▶ **Problem**
Word for word, write the lines below out again, with no pictures.

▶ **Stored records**

————————

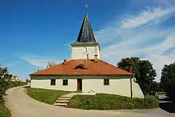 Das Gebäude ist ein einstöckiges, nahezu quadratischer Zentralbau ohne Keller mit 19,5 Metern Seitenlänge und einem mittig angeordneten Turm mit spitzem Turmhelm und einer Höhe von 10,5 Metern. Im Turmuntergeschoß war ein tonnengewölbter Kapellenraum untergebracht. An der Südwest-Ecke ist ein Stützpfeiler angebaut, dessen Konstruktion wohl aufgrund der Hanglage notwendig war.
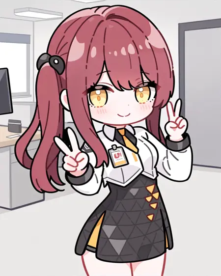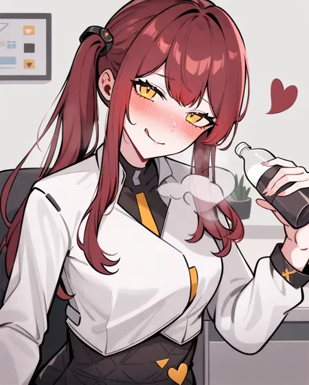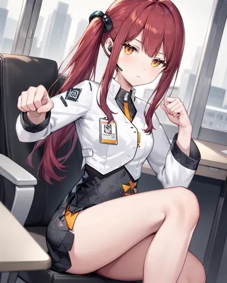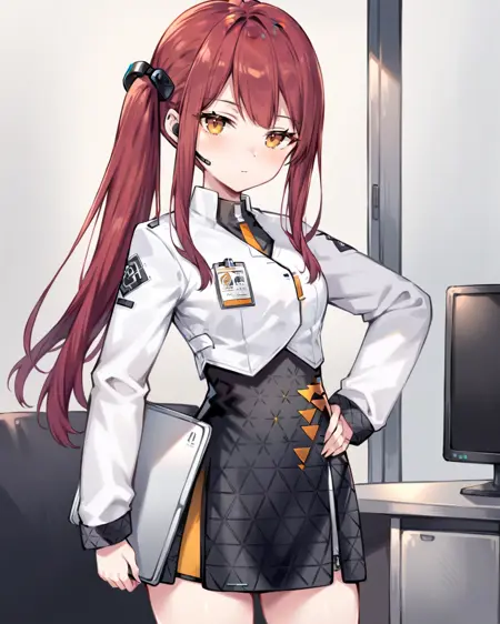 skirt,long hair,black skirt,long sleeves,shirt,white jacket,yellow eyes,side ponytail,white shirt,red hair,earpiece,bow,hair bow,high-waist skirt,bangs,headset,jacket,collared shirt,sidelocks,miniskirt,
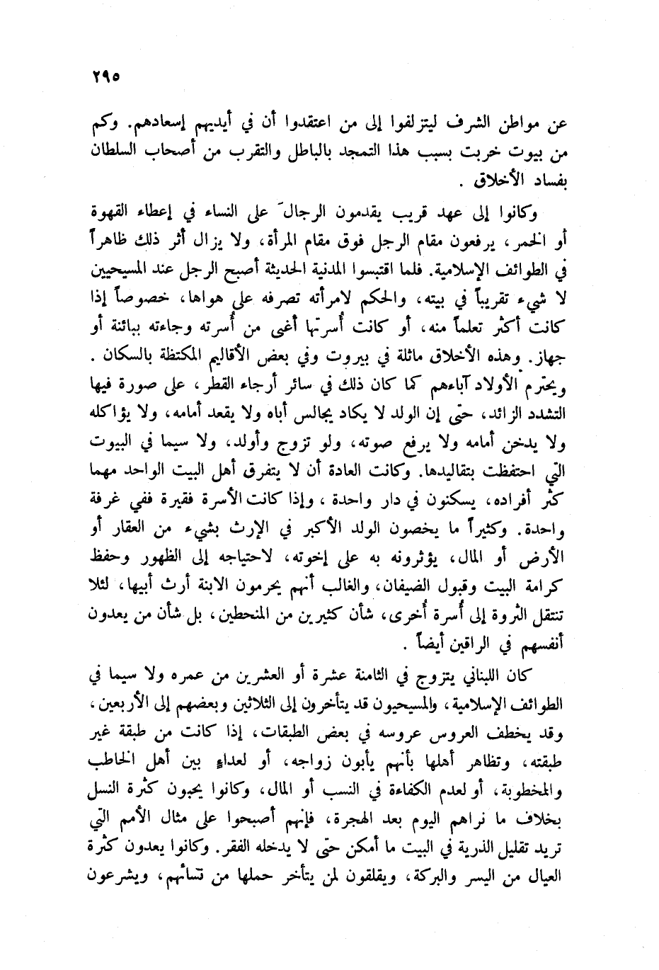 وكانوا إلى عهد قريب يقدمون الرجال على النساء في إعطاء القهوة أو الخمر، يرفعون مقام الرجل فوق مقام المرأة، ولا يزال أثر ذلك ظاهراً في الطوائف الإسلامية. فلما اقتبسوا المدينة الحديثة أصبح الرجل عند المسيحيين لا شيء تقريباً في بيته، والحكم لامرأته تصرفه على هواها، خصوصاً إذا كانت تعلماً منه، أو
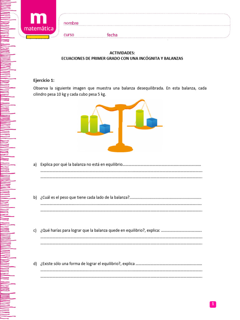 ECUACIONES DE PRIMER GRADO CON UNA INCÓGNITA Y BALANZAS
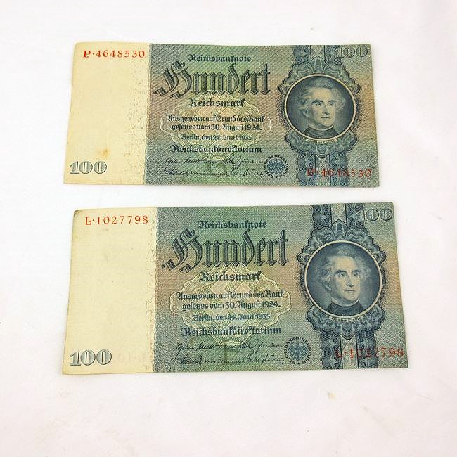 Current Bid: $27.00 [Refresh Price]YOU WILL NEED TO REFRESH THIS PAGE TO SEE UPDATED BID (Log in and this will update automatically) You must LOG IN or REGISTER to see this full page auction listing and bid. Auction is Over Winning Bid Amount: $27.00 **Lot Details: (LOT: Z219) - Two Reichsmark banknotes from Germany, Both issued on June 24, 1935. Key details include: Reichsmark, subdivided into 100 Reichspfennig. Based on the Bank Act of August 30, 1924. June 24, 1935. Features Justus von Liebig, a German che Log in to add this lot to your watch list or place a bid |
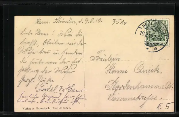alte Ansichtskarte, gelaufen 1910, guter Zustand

————————

▶ **Solved exercise**
 Das Gebäude ist ein einstöckiges, nahezu quadratischer Zentralbau ohne Keller mit 19,5 Metern Seitenlänge und einem mittig angeordneten Turm mit spitzem Turmhelm und einer Höhe von 10,5 Metern. Im Turmuntergeschoß war ein tonnengewölbter Kapellenraum untergebracht. An der Südwest-Ecke ist ein Stützpfeiler angebaut, dessen Konstruktion wohl aufgrund der Hanglage notwendig war.
 skirt,long hair,black skirt,long sleeves,shirt,white jacket,yellow eyes,side ponytail,white shirt,red hair,earpiece,bow,hair bow,high-waist skirt,bangs,headset,jacket,collared shirt,sidelocks,miniskirt,
 وكانوا إلى عهد قريب يقدمون الرجال على النساء في إعطاء القهوة أو الخمر، يرفعون مقام الرجل فوق مقام المرأة، ولا يزال أثر ذلك ظاهراً في الطوائف الإسلامية. فلما اقتبسوا المدينة الحديثة أصبح الرجل عند المسيحيين لا شيء تقريباً في بيته، والحكم لامرأته تصرفه على هواها، خصوصاً إذا كانت تعلماً منه، أو
 ECUACIONES DE PRIMER GRADO CON UNA INCÓGNITA Y BALANZAS
 Current Bid: $27.00 [Refresh Price]YOU WILL NEED TO REFRESH THIS PAGE TO SEE UPDATED BID (Log in and this will update automatically) You must LOG IN or REGISTER to see this full page auction listing and bid. Auction is Over Winning Bid Amount: $27.00 **Lot Details: (LOT: Z219) - Two Reichsmark banknotes from Germany, Both issued on June 24, 1935. Key details include: Reichsmark, subdivided into 100 Reichspfennig. Based on the Bank Act of August 30, 1924. June 24, 1935. Features Justus von Liebig, a German che Log in to add this lot to your watch list or place a bid |
alte Ansichtskarte, gelaufen 1910, guter Zustand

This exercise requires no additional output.